うーん、「もたれ合わない強さ」については、ちょっと言い過ぎたかな?
ASの本質としては、「完全に甘えたい」という根っこがあって、それが現実では叶わないと見定めた瞬間、「もたれ合わない」までジャンプしてしまう気がします。
僕が面白いと思うのは、そういった階段の踊り場みたいな、同じ考え方に行き着く、というところでもあります。

 玄さん、こんばんは

 「完全に甘えたいという根っこがある」というお話し、ああそうなんだ!と思いました。
 それから「ジャンプしてしまう」という変化についても、他のこととも合わせて
 なるほどなあと、なんか納得する感じがしました。

 それでその変化について新たに疑問が生まれたのですが、
 一度そうやってジャンプして変化した後、また何かの機会にもう一度
 ジャンプして元に戻ったり、あるいはさらに別の変化をしたり
 ということはあるのでしょうか?

 それからもうひとつ、「そういった階段の踊り場みたいない、同じ考え方に行き着く」
 というところがちょっと分からなかったので、
 もう一度ご説明いただけるとありがたいです m(_ _)m

個人的なことを書かせていただきます。
このブログに書いてきた、私のASの友人男性が、11月9日に亡くなりました。
友達5人で看取ることが出来て、通夜・葬儀も、AS友人のこだわり世界の「映画」で彩ろうと、彼の(遺言通り)コレクションのうち2300作品の映画DVDを展示し、参列者や葬儀場スタッフにも持ち帰っていただきました。会場に流れるのは、彼の好きだった映画のテーマ曲ばかり。

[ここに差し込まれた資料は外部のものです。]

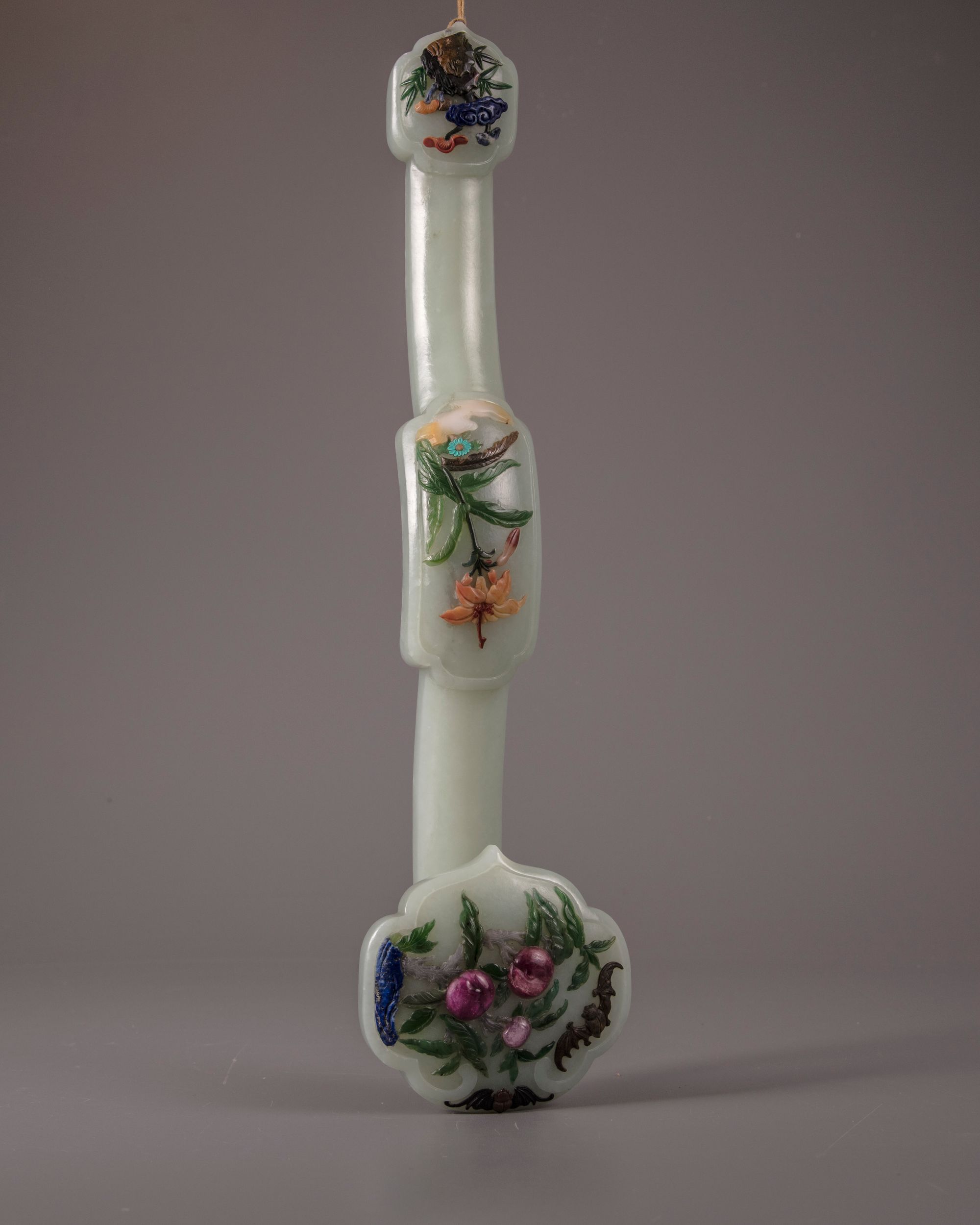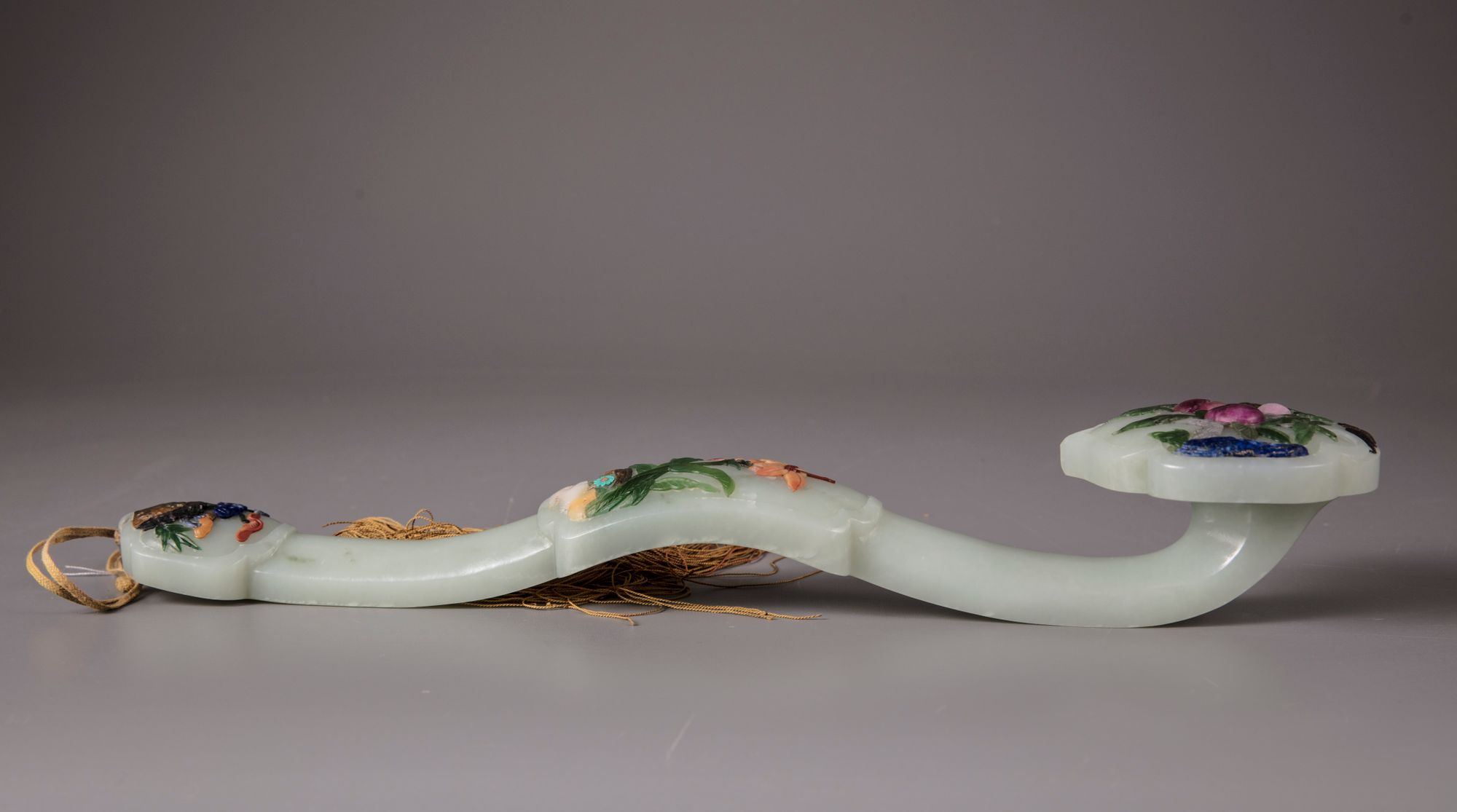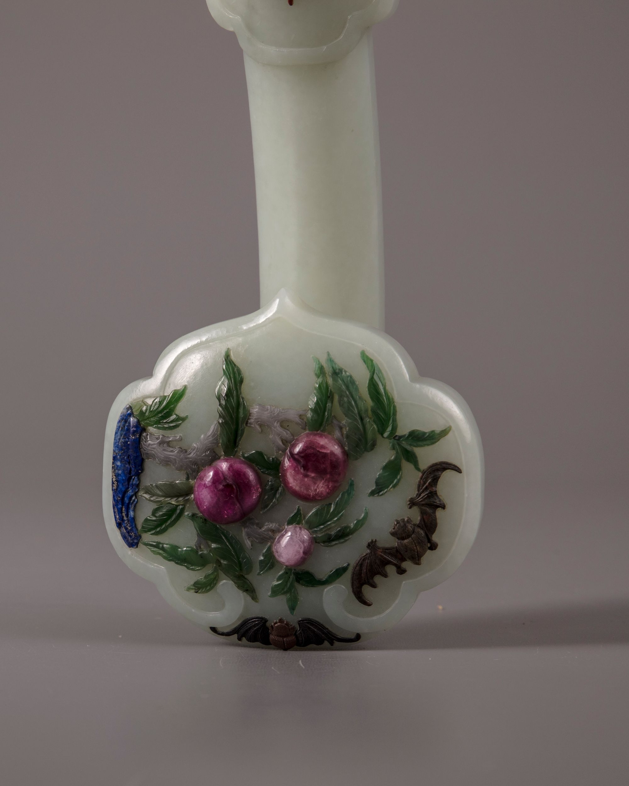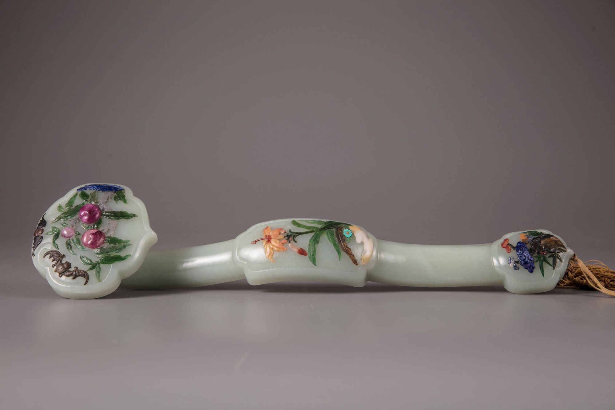The thickly carved sceptre is decorated to the ruyi-shaped head with tourmaline, lapis lazuli, and soapstone inlay depicting two bats in flight above peaches on the branch. The elongated quatrefoil middle section is decorated with a leafy lily in agate and a turquoise aster, and the shaped end section of the sceptre is decorated with lingzhi fungus growing from a rocky base crafted from various hardstones. The reverse with an incised and gilt apocryphal Qianlong seal mark. The stone is of an even pale celadon tone with light veins and inclusions.

父親も施設で寝たきりだし、親戚も居ず、高校の同級生を中心に、喪主不在の、完全な友人葬儀でした。

AS友人は、癌と告知されたときも、肺や肋骨に転移していると告知されたときも、半日ほど落ち込み憂鬱そうでしたが、そのストレスをそれ以上は引きずらず、いつものように朗らかに見えました。
主治医は「死への不安とか、ありませんか?」と聞くと「死んだことが無いので、不安かどうかと言われても」と答えていました。
友人は、医師や周囲が深刻な顔をすると必ず、ジョークを飛ばし「大丈夫、大丈夫」と医師を励まし、周囲を和ましていました。

そういう意味では、彼は精神的なもたれ方は誰にもしていないので、自立していると言えましょう。
しかし彼は「自分の死後」という、未来のことにあまりにも無関心で無頓着であったため、身元保証人となった私は「残された者のことを少しは考えてよ」と何度も頼み、その言葉の意味には「部屋を片付けて、大事なもの、不必要なものの分別、死後に知らせるべき人の連絡先、預貯金を司法書士に知らせるなど」たくさんの事柄があることを明記しました。

しかし彼は、未来系の思考に弱く、他者のための準備という概念が理解できなかったようで、なかなか着手してくれません。

だから私は、エンディングノートというものに、項目ごと記入してもらいました。

彼の死後、それはとても役立ち、混乱や困惑がなく、つつがなく友人達に連絡がとれて、様々な事柄がスムーズに遂行できました。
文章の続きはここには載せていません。